Yes ladies, you have it tough, but we males have are own problems as well. Courting a female in our society is a complex andat times a frustrating ordeal,  sumed up well by the old adage, “Dammed if you do, dammed if you don’t.”  Some women like aggressive men while others preferr passive men…….. For the single man, trying to find a suitable woman is a Pandora’s box of emotions capable of fracturing his confidence without the slightest warning. I would love to write more on this subject but I am heading to the mall to sit and watch the women walk by while my wife shops….Sue, where are my sunglasses?

I’m the boy with the pork chop hung around his neck.



About 8 weeks ago I hurt my shoulder lifting an 80 lb. bag of mortar.  Since that time I have been unable to swim so I decided to run every evening I could.  Since I am old, I limited my runs to either 2 miles, 3 miles or 5 miles with the 2 miler being the most frequent run and a 5 miler once a week. Living with us is a massive dog by the name of Vader who I refer to as Invader .  Vader is overweight, tapping in at about 155 lbs.  Because of his excessive weight, it occurred to me that he should run as well.  The first day went OK with the dog staying with me most of the way.  The next day he fell back and about half way through the run he turned back.  I was a little upset with this lazy dog but I kept running alone.

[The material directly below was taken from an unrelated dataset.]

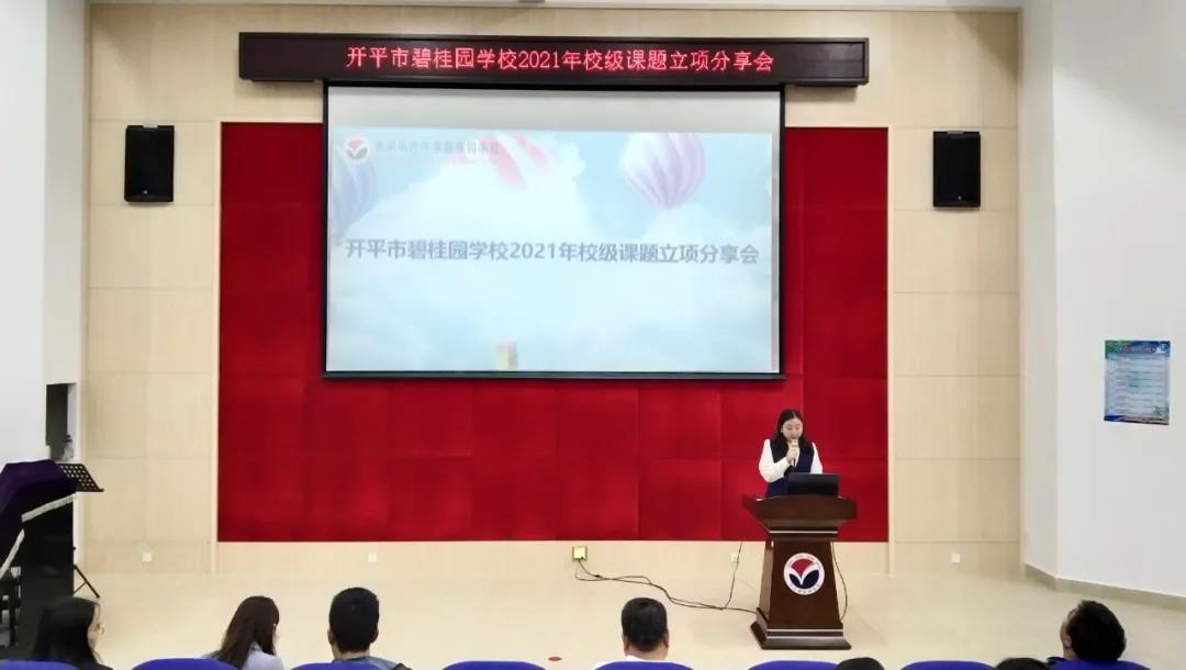 开平市碧桂园学校从建校之初就将 “科研兴校” 作为学校长期发展的重要战略之一,学校一直在努力实现课题研究工作在数量上的突破、从质量上的提升的质态。学校教科处在2021年1月组织和指导教师进行了首届校本课题的申报工作,老师们稳步开展教学改革的探索,以创新精神和实践能力为课题研究的着力点。为了给这些锐意探索的老师搭建一个展示教育智慧的平台,3月15日晚,开平市碧桂园学校2021年首届校级课题立项分享会在学术报告厅举行,会议由夏娟副校长主持,全体教师参加了本次分享会。
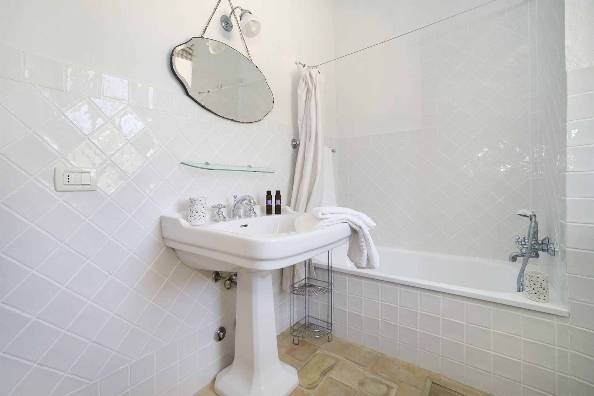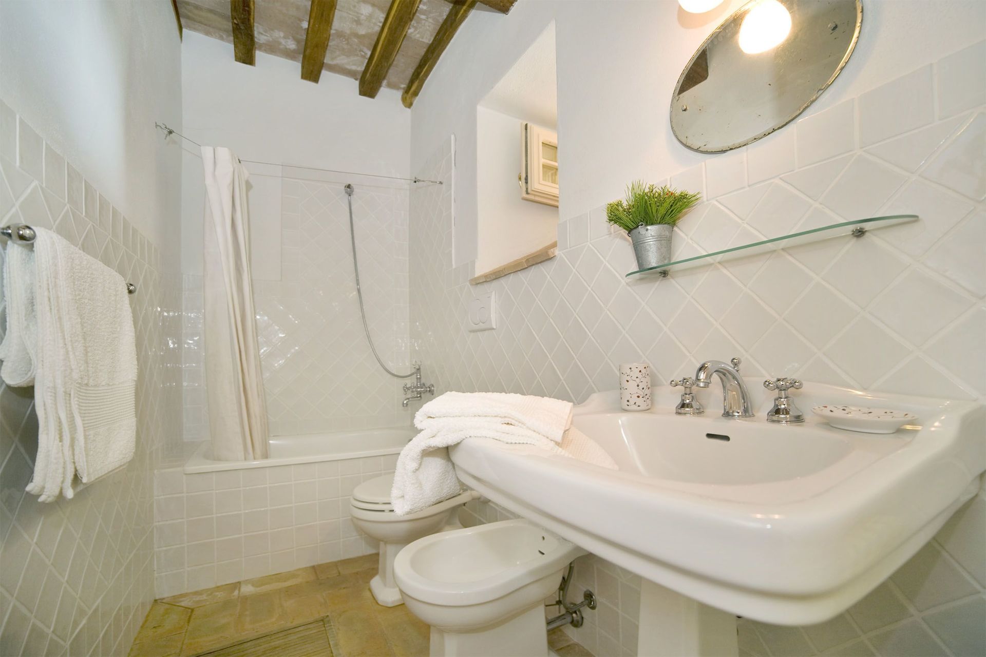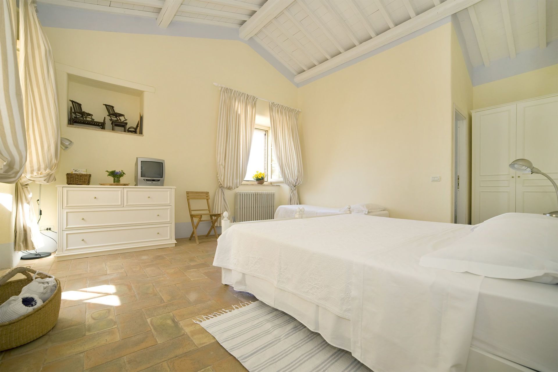Slaapkamer met badkamer 2: twee eenpersoonsbedden, WIFI internet, hor, ventilator, wastafel, toilet , bidet, bad, haardroger.

After about a week I decided to try a trick to get the dog to run with me again.  Vader’s weakness is his stomach which is rather large and hanging low.  In order to maintain his obese state he must eat whenever and whatever he can get to.  With this piece of knowledge I planned my strategy.  Dressing up in my winter running clothes, I opened the front door to displayed a large dog bone which excited Vader to utter madness.  After Vader saw the dog bone, I place it in my coat pocket.  I now have a very loyal running companion!  After I have run half way through my run I give him half of the bone and allow him to watch me place the remaining half in my pocket.  At the end of the run I give him what remains which makes him very happy.  So, now you know why I refer to myself as the boy with the pork chop hung around his neck.